Your objective:
Each line from the one containing "Estos aretes largos" through the end of the records below must be repeated exactly, and no other line.

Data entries
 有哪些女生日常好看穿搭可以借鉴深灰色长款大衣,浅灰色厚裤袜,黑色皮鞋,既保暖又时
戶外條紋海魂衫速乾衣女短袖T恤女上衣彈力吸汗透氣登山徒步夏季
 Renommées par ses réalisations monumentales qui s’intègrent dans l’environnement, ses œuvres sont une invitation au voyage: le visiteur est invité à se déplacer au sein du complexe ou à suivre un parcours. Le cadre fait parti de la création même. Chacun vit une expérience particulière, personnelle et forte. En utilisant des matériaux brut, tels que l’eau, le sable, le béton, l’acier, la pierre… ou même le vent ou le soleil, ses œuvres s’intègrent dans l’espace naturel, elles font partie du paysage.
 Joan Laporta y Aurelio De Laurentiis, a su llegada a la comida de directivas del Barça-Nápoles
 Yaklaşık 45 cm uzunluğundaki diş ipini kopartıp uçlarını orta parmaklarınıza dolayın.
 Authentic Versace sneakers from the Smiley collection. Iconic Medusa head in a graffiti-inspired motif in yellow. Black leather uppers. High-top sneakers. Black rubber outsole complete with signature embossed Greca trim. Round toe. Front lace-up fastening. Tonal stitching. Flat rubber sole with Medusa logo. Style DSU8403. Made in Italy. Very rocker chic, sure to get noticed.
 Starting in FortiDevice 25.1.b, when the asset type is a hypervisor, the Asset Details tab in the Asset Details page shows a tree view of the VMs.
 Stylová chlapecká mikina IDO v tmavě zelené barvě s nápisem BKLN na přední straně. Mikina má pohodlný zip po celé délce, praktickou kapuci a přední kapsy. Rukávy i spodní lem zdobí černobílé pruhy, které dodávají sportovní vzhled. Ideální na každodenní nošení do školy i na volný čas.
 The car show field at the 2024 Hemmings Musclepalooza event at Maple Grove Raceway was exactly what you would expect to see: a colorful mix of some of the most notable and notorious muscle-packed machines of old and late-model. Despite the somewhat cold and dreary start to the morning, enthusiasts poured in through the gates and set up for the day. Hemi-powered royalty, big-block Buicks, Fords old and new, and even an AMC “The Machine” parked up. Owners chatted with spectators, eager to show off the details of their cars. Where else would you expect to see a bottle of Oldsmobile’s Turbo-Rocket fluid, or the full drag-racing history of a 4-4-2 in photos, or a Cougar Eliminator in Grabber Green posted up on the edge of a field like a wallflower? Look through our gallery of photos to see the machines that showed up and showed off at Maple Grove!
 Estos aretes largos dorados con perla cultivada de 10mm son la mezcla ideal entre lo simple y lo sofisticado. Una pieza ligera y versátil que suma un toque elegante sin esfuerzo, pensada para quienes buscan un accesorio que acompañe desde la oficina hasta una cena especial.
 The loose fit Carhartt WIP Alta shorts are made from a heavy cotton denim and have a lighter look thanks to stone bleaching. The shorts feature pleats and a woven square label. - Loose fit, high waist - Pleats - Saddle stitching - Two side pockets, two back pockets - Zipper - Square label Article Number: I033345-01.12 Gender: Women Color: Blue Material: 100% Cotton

Your response:
 Estos aretes largos dorados con perla cultivada de 10mm son la mezcla ideal entre lo simple y lo sofisticado. Una pieza ligera y versátil que suma un toque elegante sin esfuerzo, pensada para quienes buscan un accesorio que acompañe desde la oficina hasta una cena especial.
 The loose fit Carhartt WIP Alta shorts are made from a heavy cotton denim and have a lighter look thanks to stone bleaching. The shorts feature pleats and a woven square label. - Loose fit, high waist - Pleats - Saddle stitching - Two side pockets, two back pockets - Zipper - Square label Article Number: I033345-01.12 Gender: Women Color: Blue Material: 100% Cotton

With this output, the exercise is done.